→ **How to complete this task**
Only one stretch of the material below is wanted: everything from the line containing "Автор, ученица школы" down to the line containing "O documento discute", both ends included. Repeat it exactly and skip the pictures.

* * * * * * * * *

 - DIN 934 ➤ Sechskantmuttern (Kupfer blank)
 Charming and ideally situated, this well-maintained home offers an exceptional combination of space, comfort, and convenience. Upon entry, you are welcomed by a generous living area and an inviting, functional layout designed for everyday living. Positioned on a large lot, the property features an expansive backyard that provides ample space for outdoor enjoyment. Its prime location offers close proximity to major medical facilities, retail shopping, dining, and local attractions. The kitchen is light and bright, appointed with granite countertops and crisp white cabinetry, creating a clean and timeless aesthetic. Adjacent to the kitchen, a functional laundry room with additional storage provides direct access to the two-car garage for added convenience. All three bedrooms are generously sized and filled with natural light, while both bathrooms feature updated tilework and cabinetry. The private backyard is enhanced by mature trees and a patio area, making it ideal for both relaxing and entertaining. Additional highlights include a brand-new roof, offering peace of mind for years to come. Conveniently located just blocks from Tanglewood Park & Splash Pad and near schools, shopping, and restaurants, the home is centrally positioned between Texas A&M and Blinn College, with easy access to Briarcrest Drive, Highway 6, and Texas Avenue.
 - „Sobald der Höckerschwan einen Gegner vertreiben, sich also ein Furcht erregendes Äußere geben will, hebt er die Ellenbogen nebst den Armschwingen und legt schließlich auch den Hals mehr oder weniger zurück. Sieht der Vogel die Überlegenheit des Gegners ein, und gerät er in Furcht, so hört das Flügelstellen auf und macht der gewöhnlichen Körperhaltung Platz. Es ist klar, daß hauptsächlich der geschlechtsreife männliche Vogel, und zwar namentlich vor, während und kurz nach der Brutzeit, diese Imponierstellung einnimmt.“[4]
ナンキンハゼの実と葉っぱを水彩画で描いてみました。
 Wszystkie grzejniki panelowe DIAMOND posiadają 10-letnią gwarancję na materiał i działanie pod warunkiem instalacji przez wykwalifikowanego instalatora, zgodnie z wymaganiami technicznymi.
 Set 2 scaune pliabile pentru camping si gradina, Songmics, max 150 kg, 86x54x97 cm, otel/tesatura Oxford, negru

* * * * * * * * *

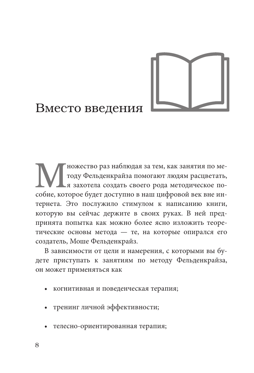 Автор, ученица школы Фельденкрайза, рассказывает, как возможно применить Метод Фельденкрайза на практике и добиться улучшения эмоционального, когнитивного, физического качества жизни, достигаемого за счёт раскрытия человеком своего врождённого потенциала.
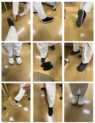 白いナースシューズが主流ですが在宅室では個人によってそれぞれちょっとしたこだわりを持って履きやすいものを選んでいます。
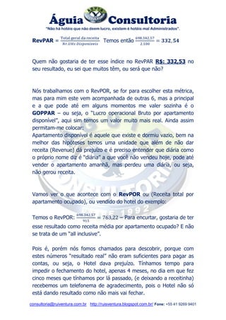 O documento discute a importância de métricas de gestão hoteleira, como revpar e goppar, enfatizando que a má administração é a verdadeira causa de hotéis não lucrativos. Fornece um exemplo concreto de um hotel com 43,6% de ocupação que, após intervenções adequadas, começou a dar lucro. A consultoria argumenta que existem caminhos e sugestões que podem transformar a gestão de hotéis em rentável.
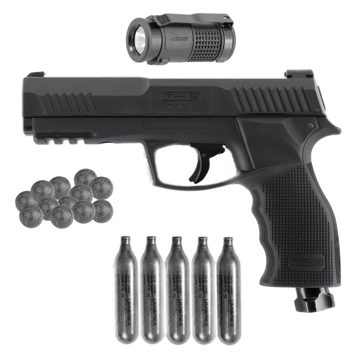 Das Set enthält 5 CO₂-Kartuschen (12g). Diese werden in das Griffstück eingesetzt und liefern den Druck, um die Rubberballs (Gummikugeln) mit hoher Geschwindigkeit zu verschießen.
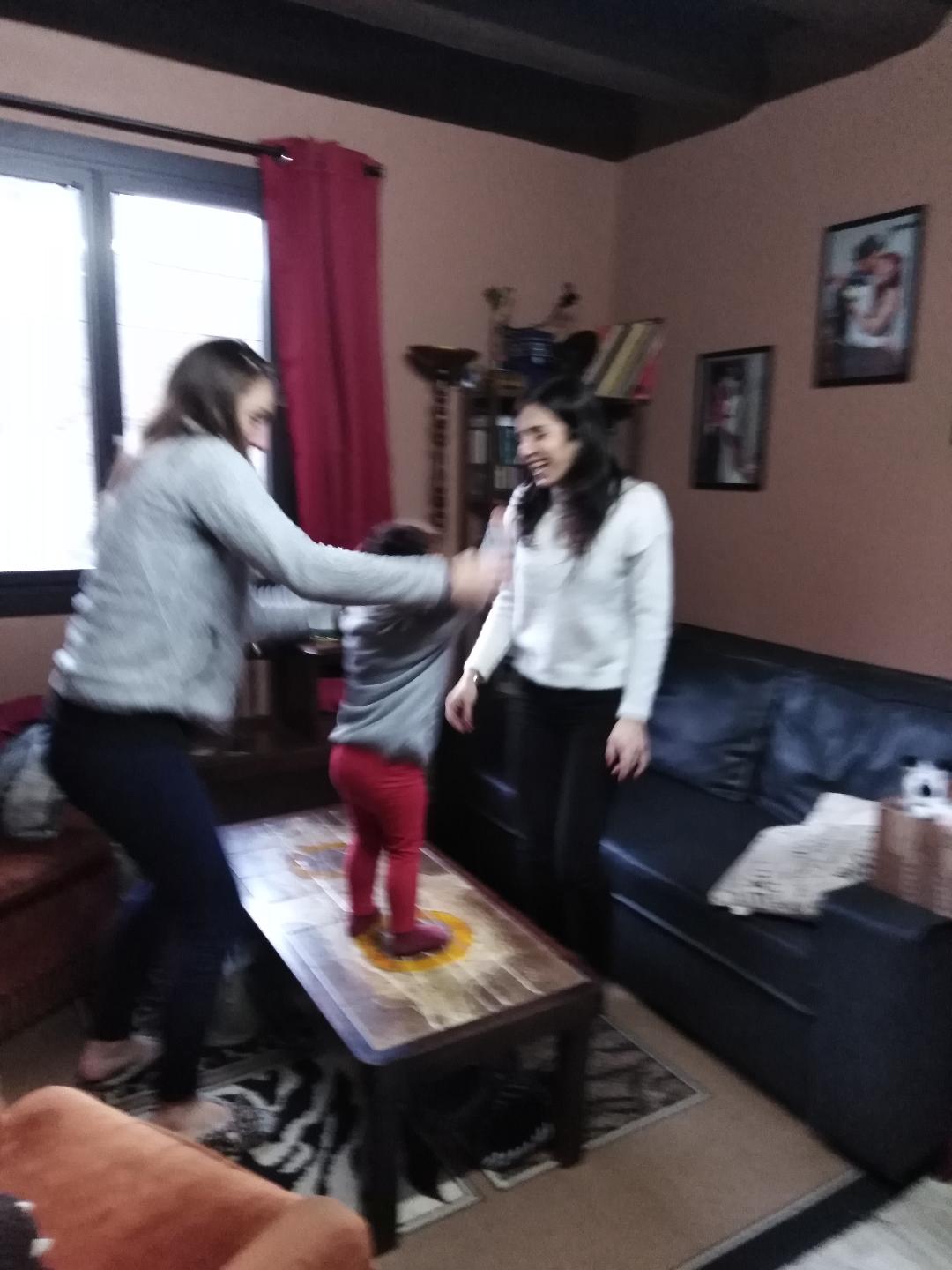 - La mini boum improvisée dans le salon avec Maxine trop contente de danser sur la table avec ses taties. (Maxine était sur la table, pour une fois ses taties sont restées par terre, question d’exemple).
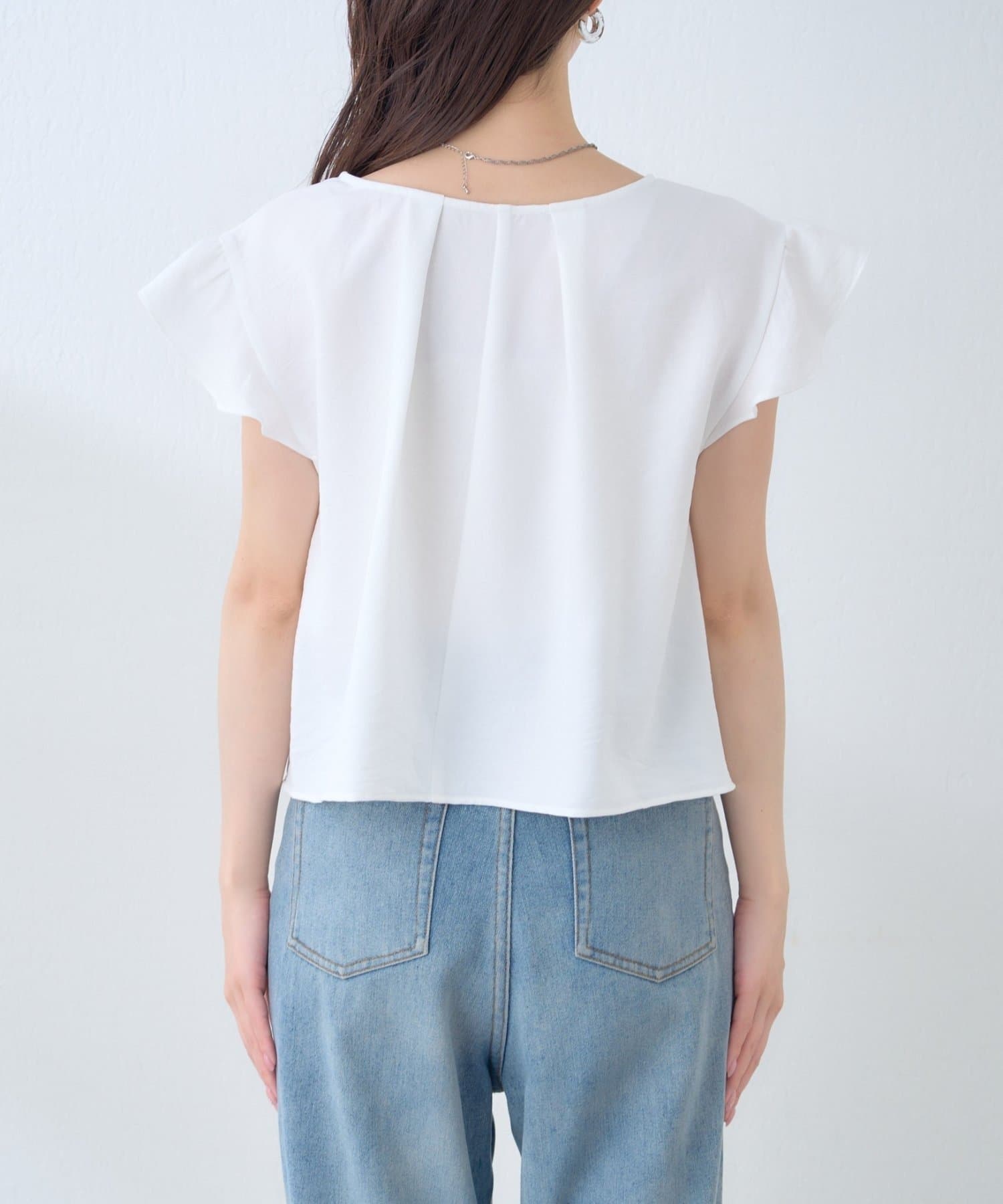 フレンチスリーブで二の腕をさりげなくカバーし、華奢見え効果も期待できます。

* * * * * * * * *

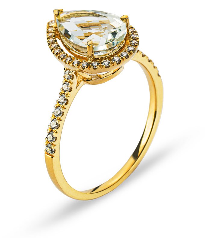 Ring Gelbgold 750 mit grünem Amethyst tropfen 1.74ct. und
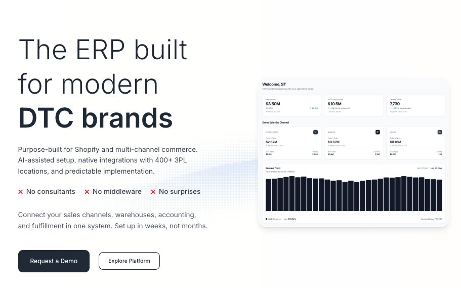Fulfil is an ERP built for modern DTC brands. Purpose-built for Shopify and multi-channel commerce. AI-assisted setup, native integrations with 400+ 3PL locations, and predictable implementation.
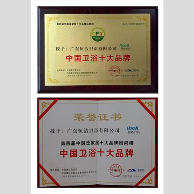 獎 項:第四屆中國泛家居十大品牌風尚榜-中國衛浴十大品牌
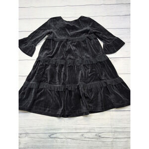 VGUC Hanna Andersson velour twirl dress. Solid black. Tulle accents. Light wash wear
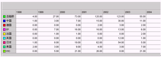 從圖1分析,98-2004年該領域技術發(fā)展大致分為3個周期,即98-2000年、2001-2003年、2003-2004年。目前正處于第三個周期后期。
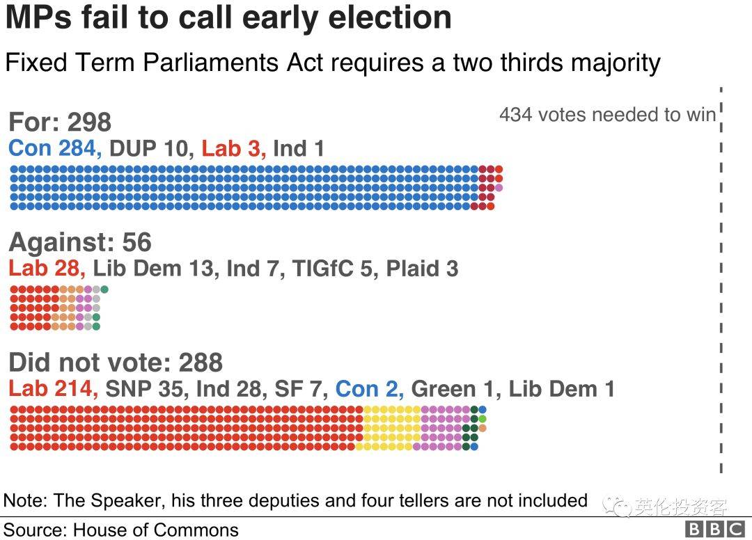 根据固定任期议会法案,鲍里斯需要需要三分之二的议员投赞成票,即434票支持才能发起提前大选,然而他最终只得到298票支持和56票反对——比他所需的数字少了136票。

* * * * * * * * *

→ **Exercise output**
 Автор, ученица школы Фельденкрайза, рассказывает, как возможно применить Метод Фельденкрайза на практике и добиться улучшения эмоционального, когнитивного, физического качества жизни, достигаемого за счёт раскрытия человеком своего врождённого потенциала.
 白いナースシューズが主流ですが在宅室では個人によってそれぞれちょっとしたこだわりを持って履きやすいものを選んでいます。
 O documento discute a importância de métricas de gestão hoteleira, como revpar e goppar, enfatizando que a má administração é a verdadeira causa de hotéis não lucrativos. Fornece um exemplo concreto de um hotel com 43,6% de ocupação que, após intervenções adequadas, começou a dar lucro. A consultoria argumenta que existem caminhos e sugestões que podem transformar a gestão de hotéis em rentável.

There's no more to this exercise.